Synopsis The Savage Frontier by : Matthew Carr

A sweeping historical travelogue of the contentious border of France and Spain, in the great tradition of Bruce Chatwin and Jan Morris With the Catalonia crisis making international headlines, the unique cultural and geographic region bordering Spain and France has once again moved to the center of the world's attention. In The Savage Frontier, acclaimed author and journalist Matthew Carr uncovers the fascinating, multilayered story of the Pyrenees region—at once a forbidding, mountainous frontier zone of stunning beauty, home to a unique culture, and a site of sharp conflict between nations and empires. Carr follows the routes taken by monks, soldiers, poets, pilgrims, and refugees. He examines the people and events that have shaped the Pyrenees across the centuries, with a cast of characters including Napoleon, Hannibal, and Charlemagne; the eccentric British climber Henry Russell; Francisco Sabaté Llopart, the Catalan anarchist who waged a lone war against the Franco regime across the Pyrenees for years after the civil war; Camino de Santiago pilgrims; and the cellist Pablo Casals, who spent twenty-three years in exile only a few miles from the Spanish border to show his disgust and disapproval of the Spanish regime. The Savage Frontier is a book that will spark a new awareness and appreciation of one of the most haunting, magical, and dramatic landscapes on earth.

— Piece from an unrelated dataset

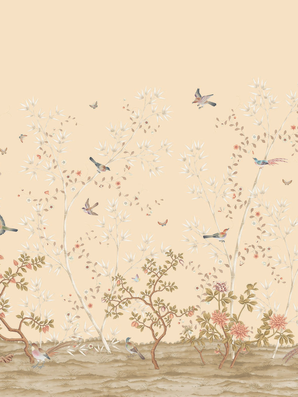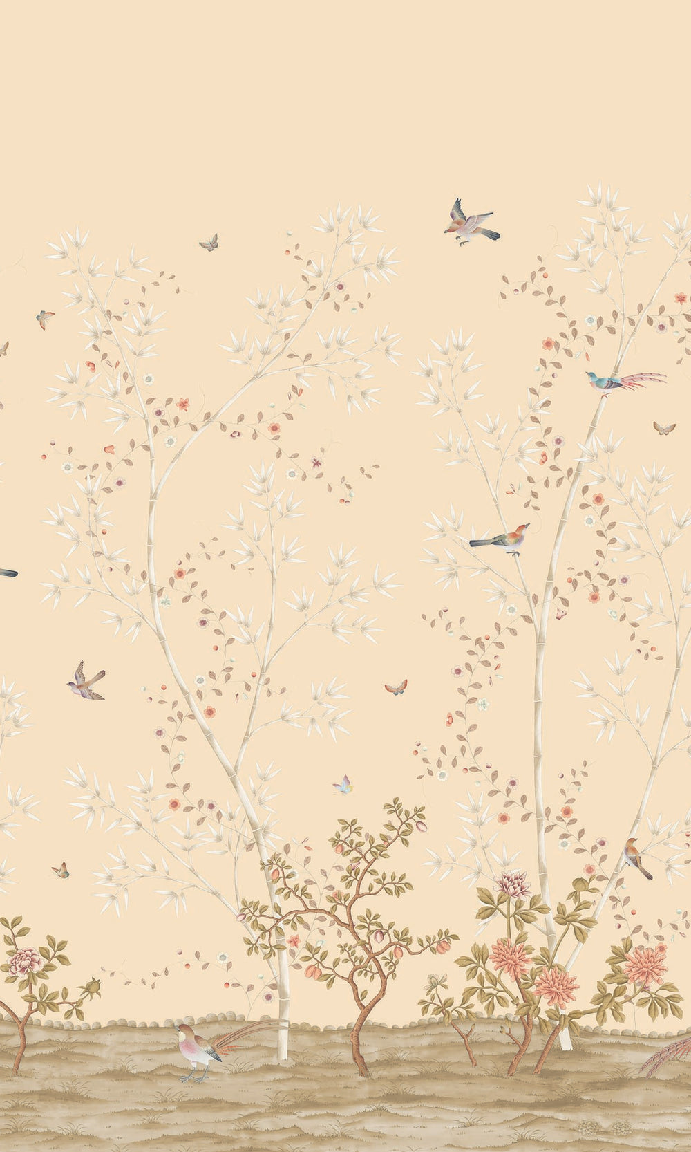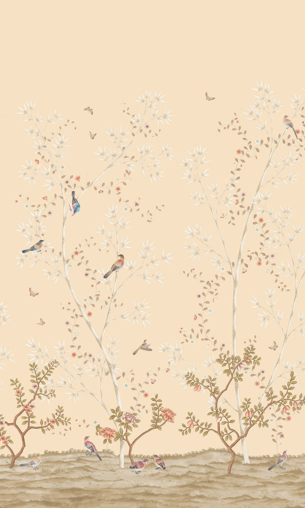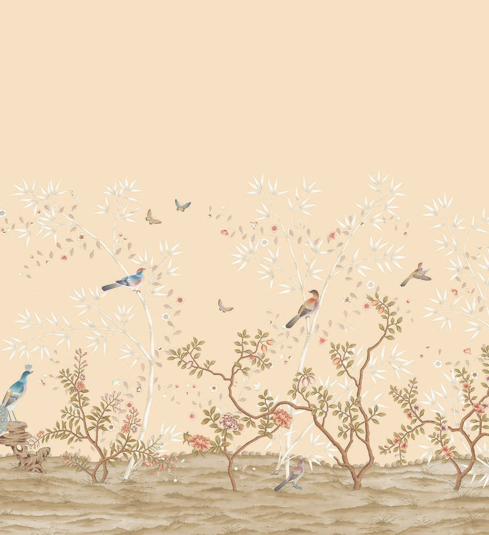Bambois is a contemporary take on Chinoiserie, where dynamic bamboo stems form a natural framework for climbing vines, unfurling peonies, birds and butterflies. This versatile design lends itself beautifully to both bright palettes and muted monochromes

Savage Sword of Conan Volume 19

Savage Sword of Conan Volume 19
Author :
Publisher : Dark Horse Comics
Total Pages : 566
Release :
ISBN-10 : 9781630081881
ISBN-13 : 1630081884
Rating : 4/5 (81 Downloads)

Synopsis Savage Sword of Conan Volume 19 by : Various

"If the devil wants blood to drink, it won't be mine!" While Conan fights to survive in a hostile kingdom, far away a similar dire circumstance is faced by an adventurer whose fate will determine Conan's very existence. But this land is not of the Hyborian Age--it is 1920s Mexico, and the adventurer is writer Robert E. Howard! The Savage Sword of Conan features over 500 pages of Conan tales never-before collected and out of print for over twenty years!